In my experience, it takes so much less time to get this right in the 
first pass than it does to clean up the damage months or years later 
when we realize some mistakes were made or the data could have been 
handled better.

There have been a lot of responses to some of the specific things I 
said, so instead of replying inline, let me try to rephrase the big 
issues as I see them with some of the new perspective and information in 
mind.

A ) This import, essentially, did not get approval from the imports 
list. While an email was sent, I think that it was so vague and 
misdirected (surely with no nefarious intent) that it would be hard or 
impossible for a casual subscriber to the list to understand the scope 
of the project. Without having understood the scope of the project, 
which is utterly huge, the import plan was not given adequate scrutiny. 
This is evidenced by the relative lack of discussion.

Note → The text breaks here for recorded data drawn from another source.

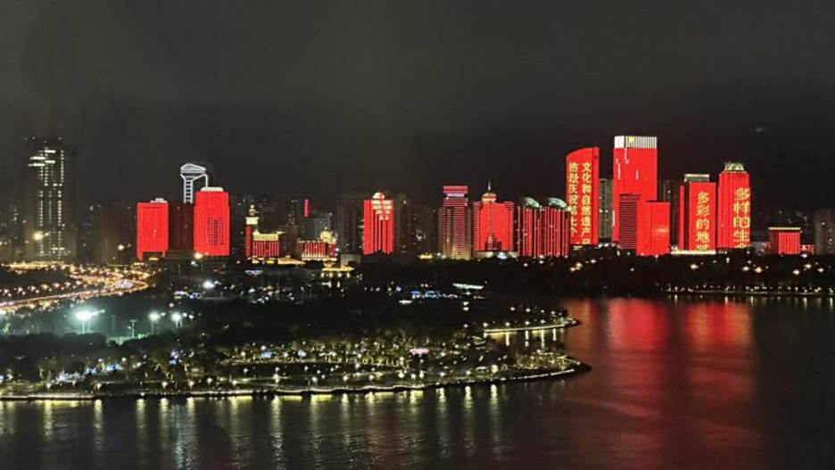 海口市是海南岛省会都市,当地居住着近300万人口。夜晚灯火璀璨,一副欣欣向荣景象。
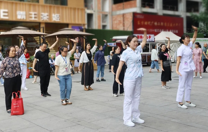 中醫養生氣功八段錦、呼吸操,海姆立克急救法、心肺復蘇,廣場成了健康宣傳的課堂。醫護人員現場示范、引導群眾共同練習,進一步提高了群眾的自救能力,也普及了中醫養生知識。
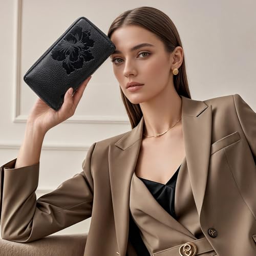 • PU Leather Wallet: The leather is soft and shiny, not easy to have wrinkles, the blackwomens leather wallet is waterproof. Floral pattern women's wallet is elegant and luxurious, is a women's designer wristlet wallets
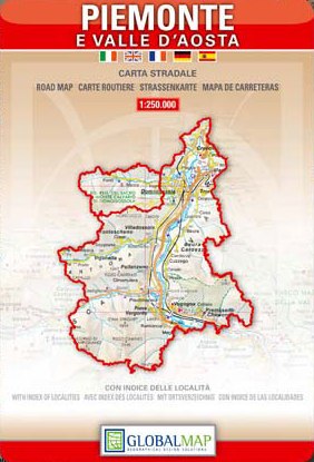 Region Piedmont and Aosta Valley - road and touristic geographical map
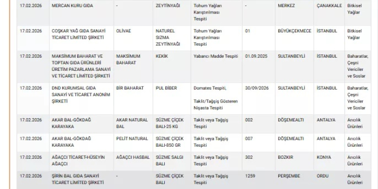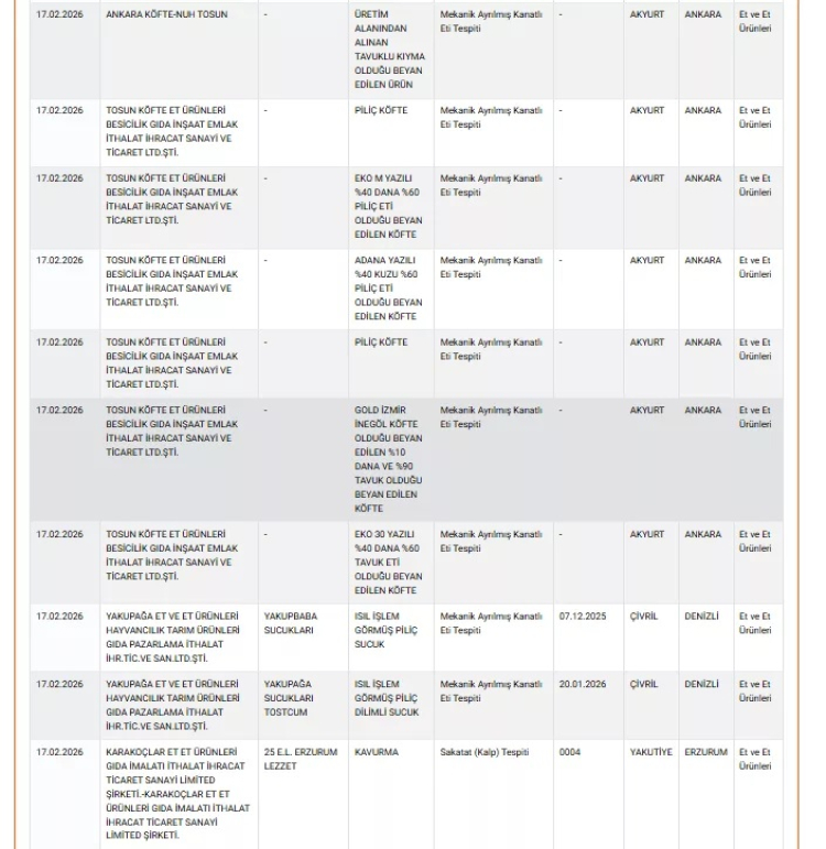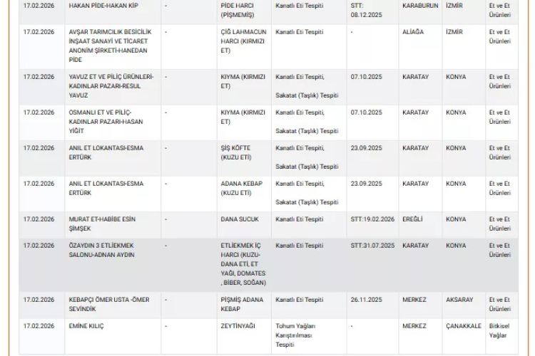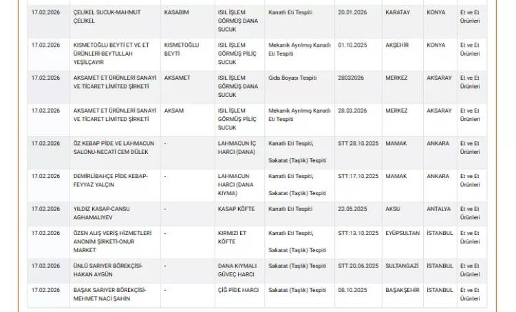 Tarım ve Orman Bakanlığı'nın 17 Şubat 2026 tarihli denetim sonuçları, birçok ilde faaliyet gösteren işletmelerde gıda güvenliği ihlallerini ortaya koydu. Özellikle et ve et ürünleri ile baharat grubunda yapılan kontrollerde, mevzuata aykırı içerik ve et türü tespitleri dikkat çekti.
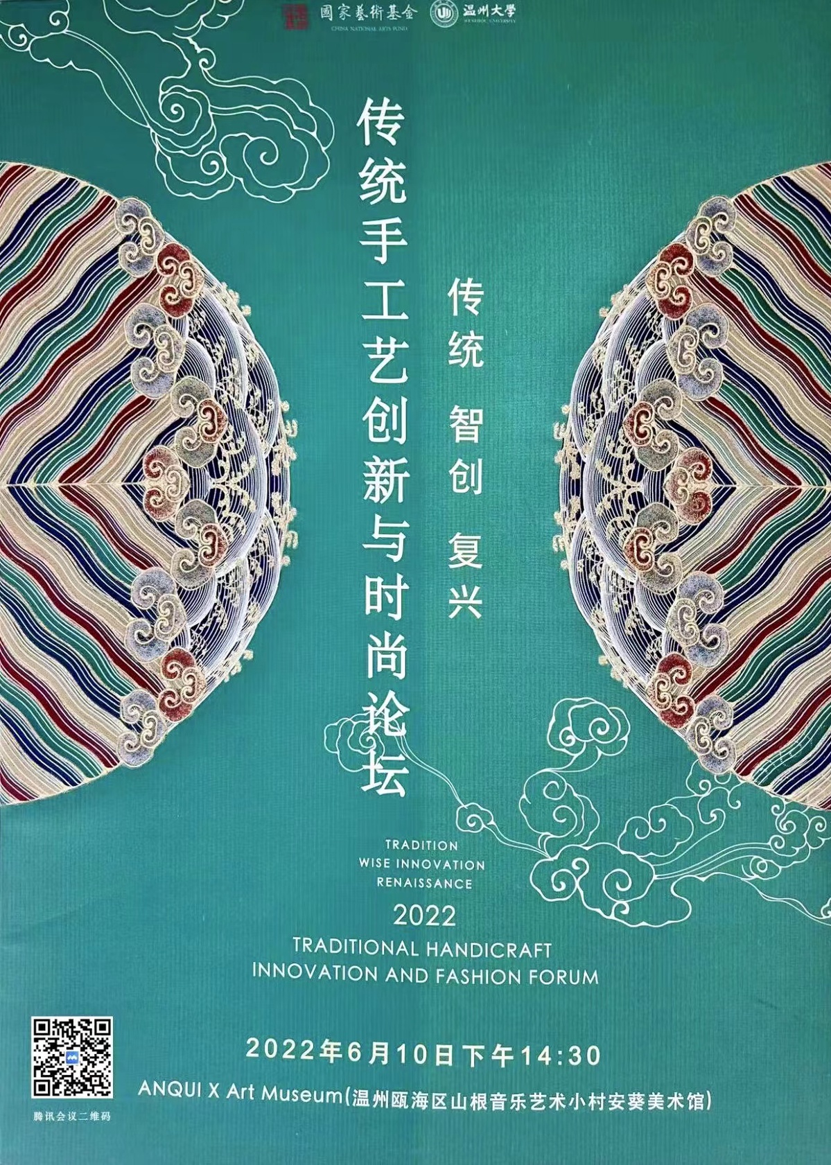6月10日下午,由国家艺术基金赞助,3044am永利集团3044noc承办,温州广电文化旅游局、3044am永利集团3044noc发绣研究院协办的《传统,智创,复兴--2022传统手工艺创新与时尚论坛》在Anqui x Art museum山根音乐艺术小村安葵美术馆举行。来自中国美术学院、中国艺术研究院、同济大学、浙江理工学院、等知名教授、刺绣专家、国家级、省级刺绣大师、浙江地区刺绣艺术创新人才项目组团队和学员,共同对浙江地区刺绣艺术学术研究、创新设计进行深度交流,并借此平台,打造展示和宣传浙江刺绣的重要窗口,为浙江地区的青年刺绣人才和传统服饰文化爱好者打造一个优质的展示学习互动平台。
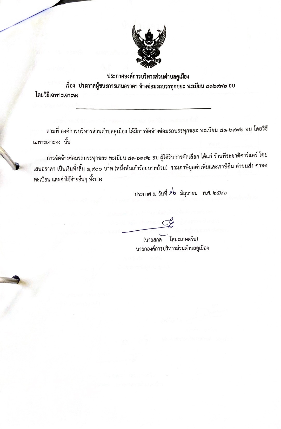 ประกาศผู้ชนะการเสนอราคา จ้างซ่อมรถบรรทุกขยะ ทะเบียบ 816972 อบ โดยวิธีเฉพาะเจาะจง
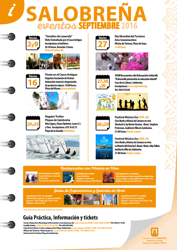 Las Concejalías de Cultura, Turismo y Deportes informan de los eventos programados para el mes de septiembre de 2016.
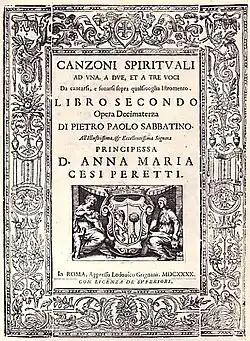 - ^ Comune di Ronciglione: Fabio Carboni, Valeria De Lucca, Agostino Ziino - 2003 "Sabbatini lavorò presso questa Arciconfraternita certamente fino al 1628, come risulta dal frontespizio del Sesto Libro di ... di Pietro Paolo Sabbatini Maestro di Cappella dell' Arciconfraternita della Morte, & Orazione di Roma."
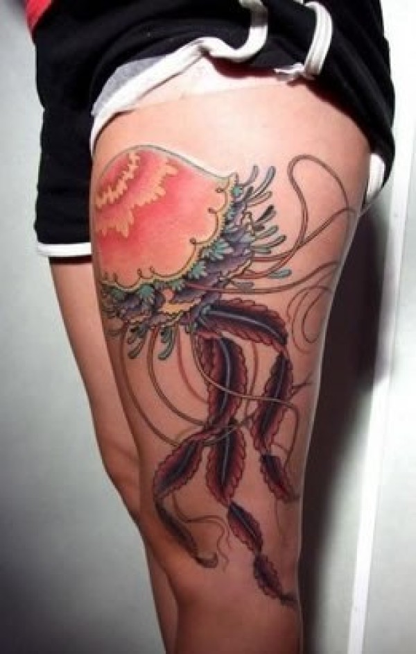 腿部水母图案纹身_腿部纹身图案大全_纹身图吧
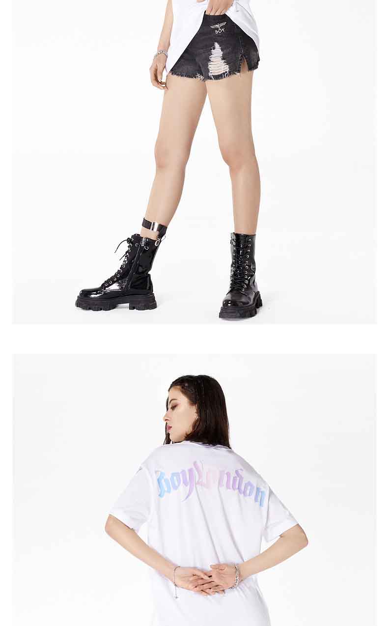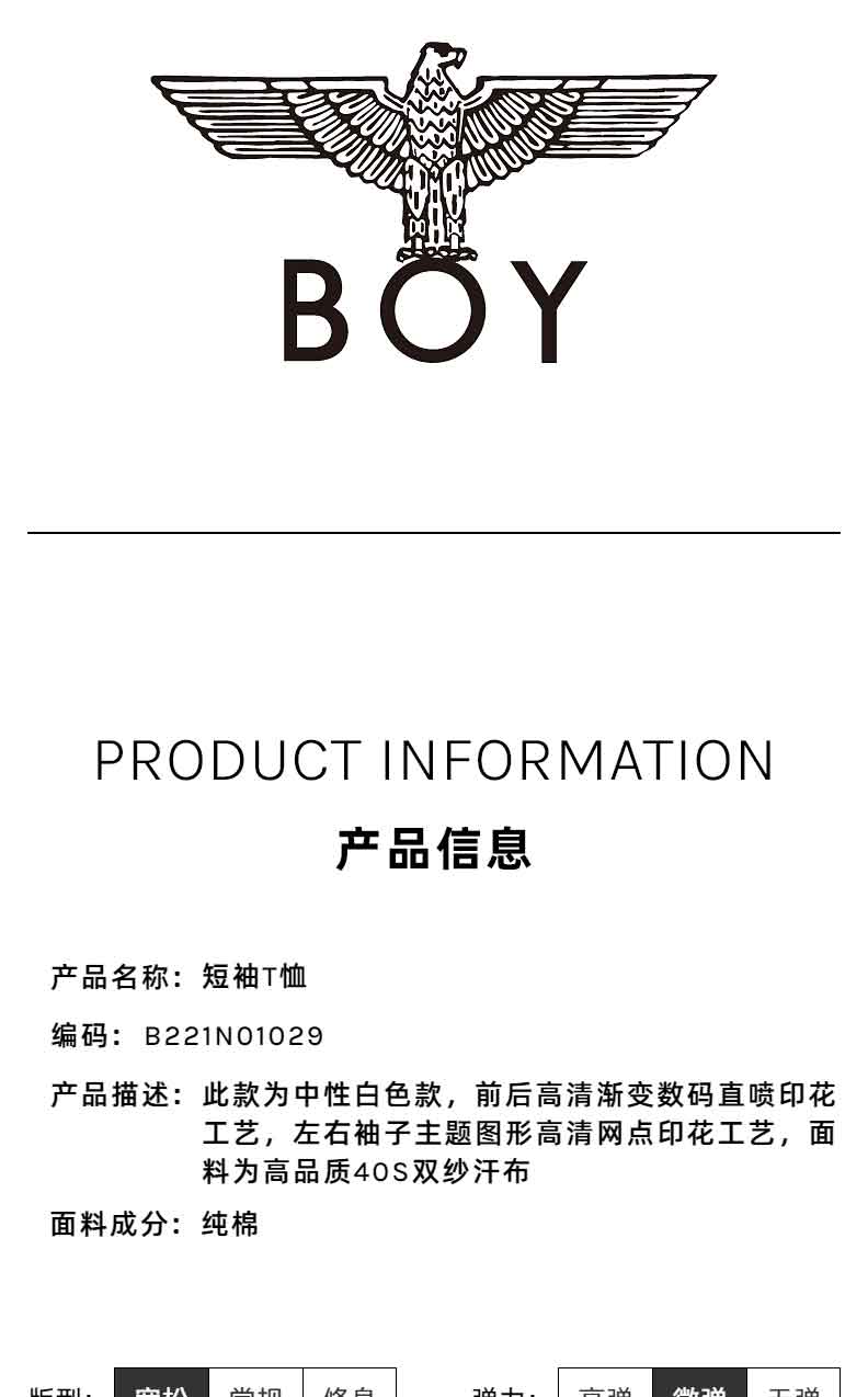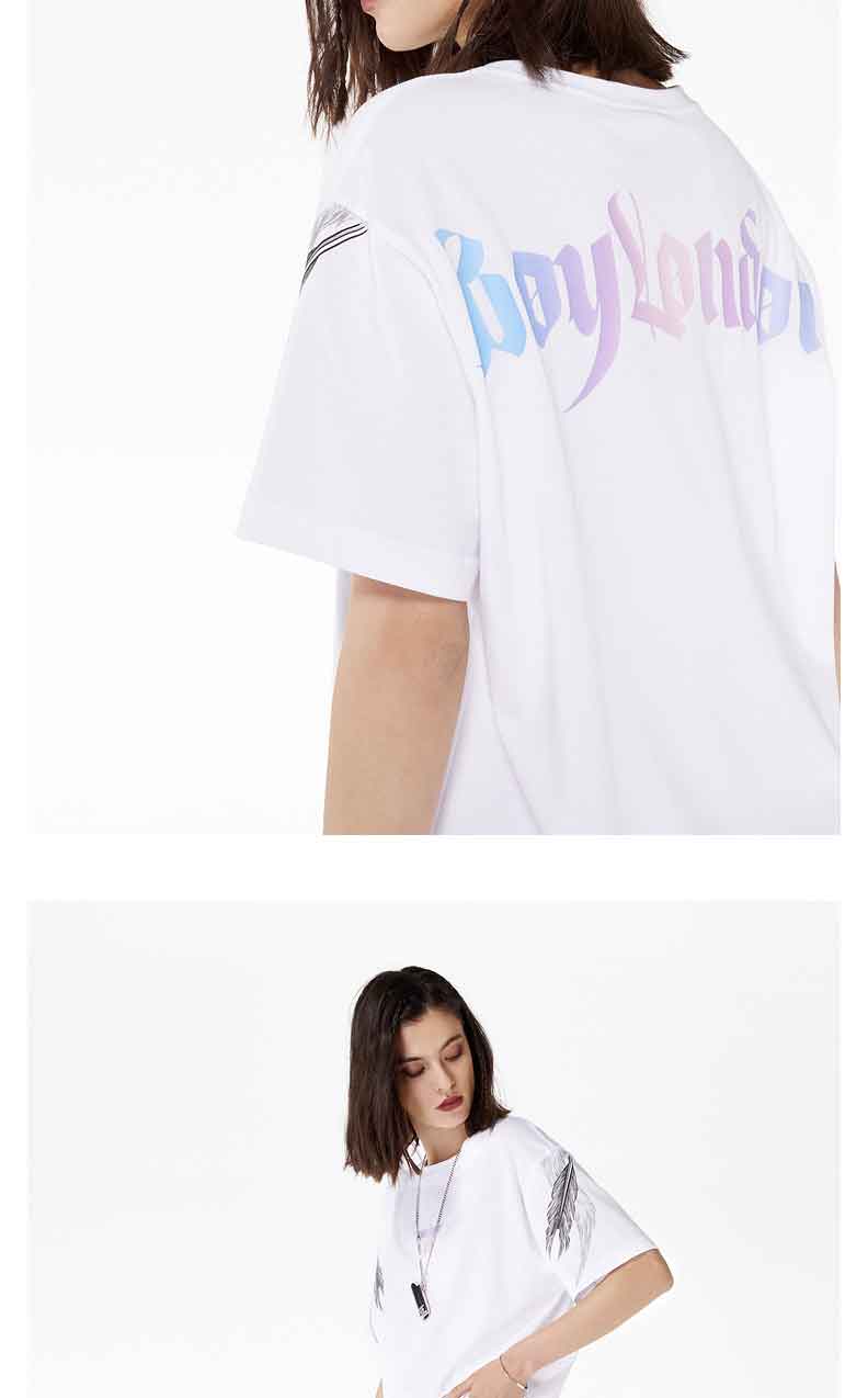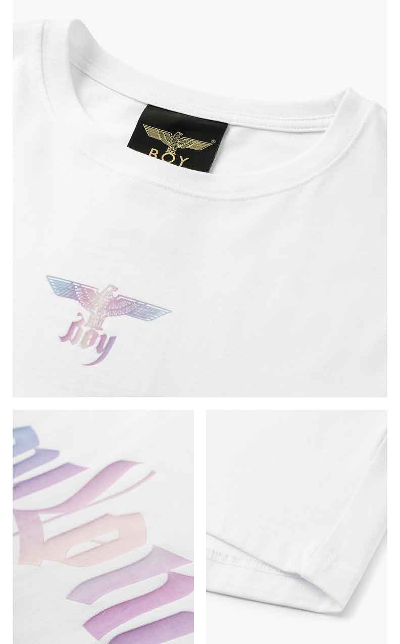 BOYLONDON短袖男女同款22春夏新品渐变字母印花简约白色T恤B221N01029
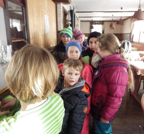 alle Kinder froh, dass Herr Kaiser für uns die Skihütte geöffnet hat
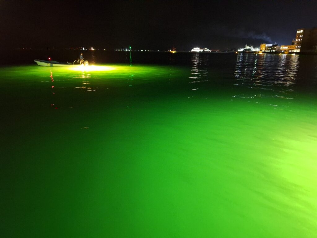 本格的な集魚灯には発電機やバッテリーを用いるものがあり、広範囲に光を届けることが可能です。

B ) I didn't know this was going on until I saw it happening. While my 
personal knowledge is obviously not a necessary precondition for 
successful imports, I do feel it may be a sign that the scale of this 
effort is wrong for the task at hand.
While the technical details and any processing of the data are probably 
best handled at the national level, since it all comes from the same 
source and presumably has the same technical hurdles to overcome, I 
can't imagine that the whole country can be asked whether it wants 
buildings to be imported or not, or what concerns and requirements would 
come attached to such an import. There will be so much local variation 
and I think that just has to happen at a more local level. If that local 
effort had been made, I'd be surprised if I never heard about it. Rather 
than attempt to notify all Canadian mappers, would it be too much to ask 
that this might go province by province or city by city? If I had seem 
'Toronto' or 'Ontario' anywhere on this mailing list, you can be sure my 
ears would have pricked up right quick.

C ) This import is going way too fast - there is simply no way three 
people could have carefully imported as much data as has been imported 
in the time since this started. Like I said, I'm working on an import 
myself and it's long, tedious, and strangely satisfying work when you're 
doing it carefully. In my opinion, these task squares are simply ten 
times too large at least. When I said above that my neighbrhood would be 
swamped by the next task, I really mean swamped. 90% of the places I go 
in Toronto fit inside a single task. The tasking manager we're using for 
the building import in Hamilton County allows one to upload custom task 
geometries. I got a bit silly with the task shapes perhaps 
(https://tasks.openstreetmap.us/project/107) but I think the size is 
about right - importing 500-1000 building footprints should take ~10-30 
minutes, with a careful check of the imagery, a check with JOSM's 
validation tool, a second validation after native OSM data has been 
merged with the import data... I would never attempt a task as large as 
the smallest task here, and I do not think that reflects poorly on my 
abilities or experience. If the tasking manager doesn't allow smaller 
tasks then it is the wrong tool for the job.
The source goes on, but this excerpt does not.